Saturday, July 18, 2026
ComponentsPower Semiconductors

FP40R12KT3: An All-in-One 1200V IGBT Module for Compact Motor Drives

Infineon FP40R12KT3: 1200V 40A IGBT PIM Module

Integrated Power Stage for Compact Motor Drives

The Infineon FP40R12KT3 is a Power Integrated Module (PIM) that streamlines the design of variable frequency drives and other motor control systems. It consolidates a three-phase input rectifier, a brake chopper, and a three-phase inverter into a single, compact EconoPIM™ 2 housing. This high level of integration, based on TRENCHSTOP™ IGBT3 technology, provides a robust foundation for developing efficient and reliable power conversion systems.

  • Core Specifications: 1200V | 40A | PIM Topology
  • Key Advantages: Reduces component count and PCB complexity, simplifies thermal management with an integrated NTC.

This module directly addresses the need for a comprehensive power stage, enabling engineers to accelerate development cycles and reduce assembly costs for compact drive applications.

Download Official Datasheet (PDF)

Technical Analysis of the FP40R12KT3

The engineering value of the FP40R12KT3 lies in its balance of integration, performance, and thermal awareness. By combining multiple power stages, the module inherently reduces stray inductance compared to a discrete solution, which can lead to lower voltage overshoots during switching and improved EMI performance. This integration simplifies the power layout, a critical factor in compact drive designs where board space is at a premium.

A central performance characteristic is the collector-emitter saturation voltage (VCE(sat)) of the TRENCHSTOP™ IGBT3, specified at a typical value of 1.70V at its nominal 40A current and a junction temperature of 25°C. You can think of VCE(sat) as the electrical friction the device exhibits when it’s fully on. A lower value signifies less friction, meaning less power is converted into heat during operation. This directly translates to lower conduction losses and higher overall system efficiency, potentially reducing the size of the required heatsink.

Furthermore, the inclusion of an NTC thermistor provides a direct feedback mechanism for temperature monitoring. The module’s thermal resistance from junction to case (RthJC) for the inverter IGBTs is specified at 0.60 K/W per switch. This value is a crucial parameter for thermal simulations, allowing engineers to accurately predict junction temperatures under various load conditions and design an effective thermal management strategy to ensure long-term reliability.

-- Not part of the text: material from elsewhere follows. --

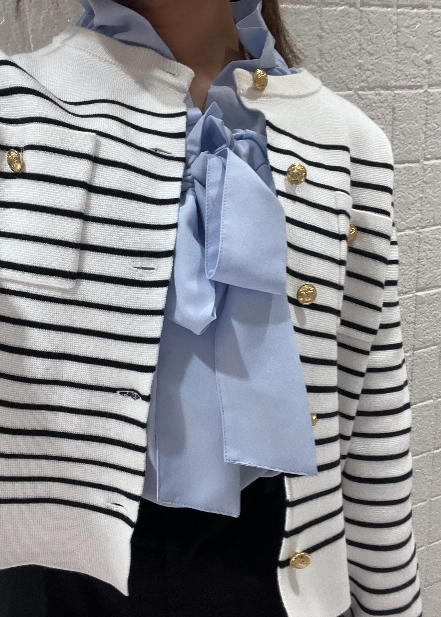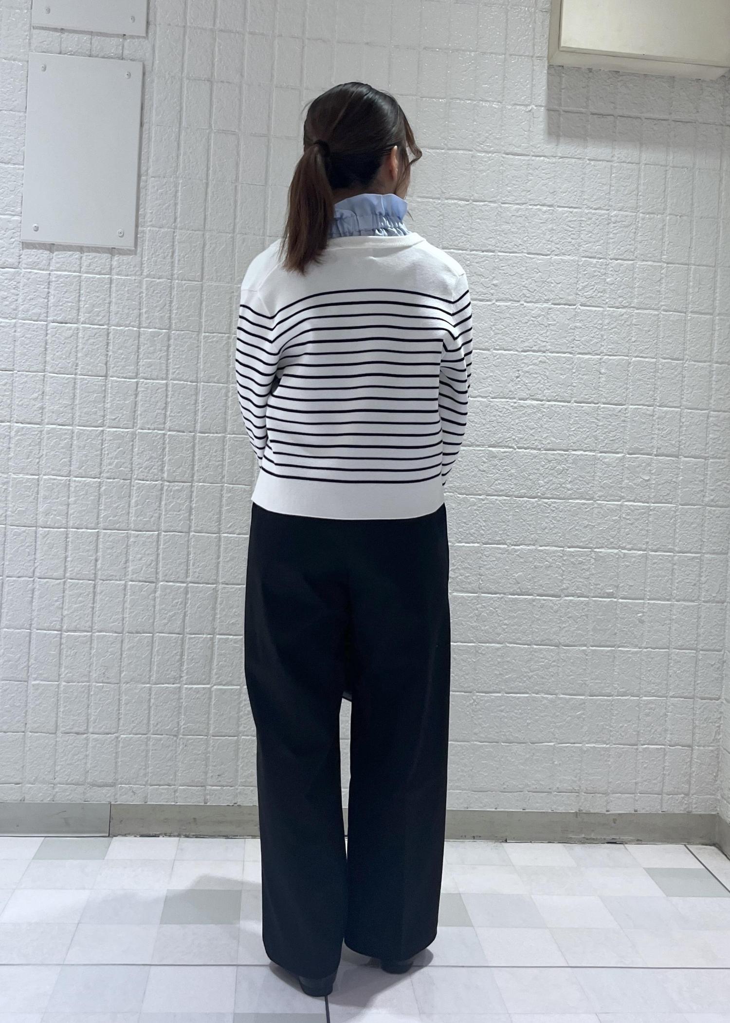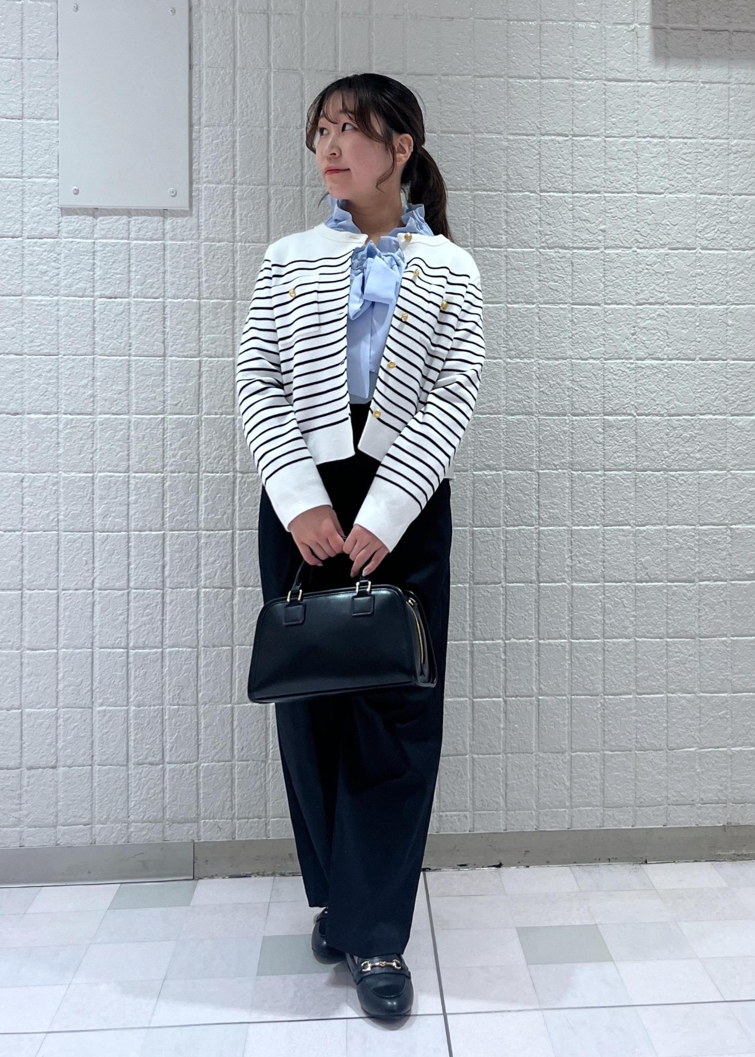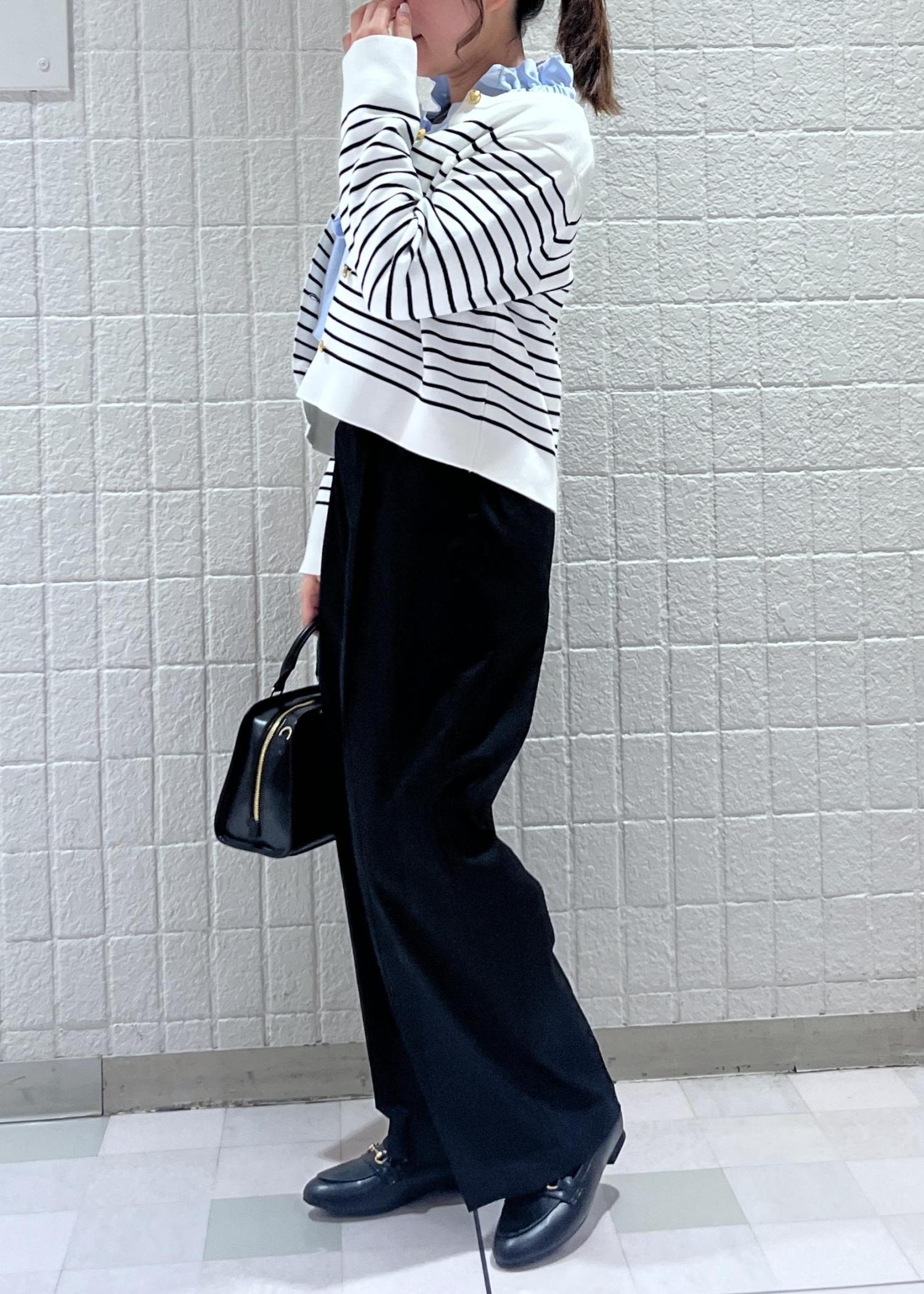 爽やかなブルーのフリルブラウスに、しっかり生地のボーダーカーディガンを合わせた上品さのあるコーディネートにしてみました
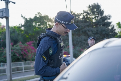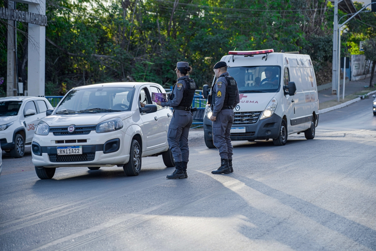 Com a efetiva participação da Guarda Civil Municipal (GCM), Polícia Militar de Lucas do Rio Verde e de Nova Mutum, na tarde de terça-feira (12), foi realizada na Avenida Tocantins, nas proximidades do Lago Ernani José Machado, uma Blitz Educativa com entrega de panfletos orientativos do Agosto Lilás - mês de combate a violência contra a Mulher.

Optimized Application Scenarios

The specific feature set of this module makes it a strong candidate for several industrial applications:

  • Variable Frequency Drives (VFDs): The all-in-one PIM topology is ideal for compact motor drives, with the 1200V rating providing ample margin for systems connected to 400VAC or 480VAC mains.
  • Industrial Automation & Servo Drives: Its integrated brake chopper is valuable for applications requiring dynamic braking and precise motor control, while the compact footprint suits space-constrained machinery.
  • Pumps, Fans, and HVAC Systems: For low to medium-power motor applications, the FP40R12KT3 offers a reliable and cost-effective power stage that simplifies manufacturing.
  • Uninterruptible Power Supplies (UPS): The module’s inverter and rectifier stages can be effectively utilized in the power conversion circuits of industrial UPS systems.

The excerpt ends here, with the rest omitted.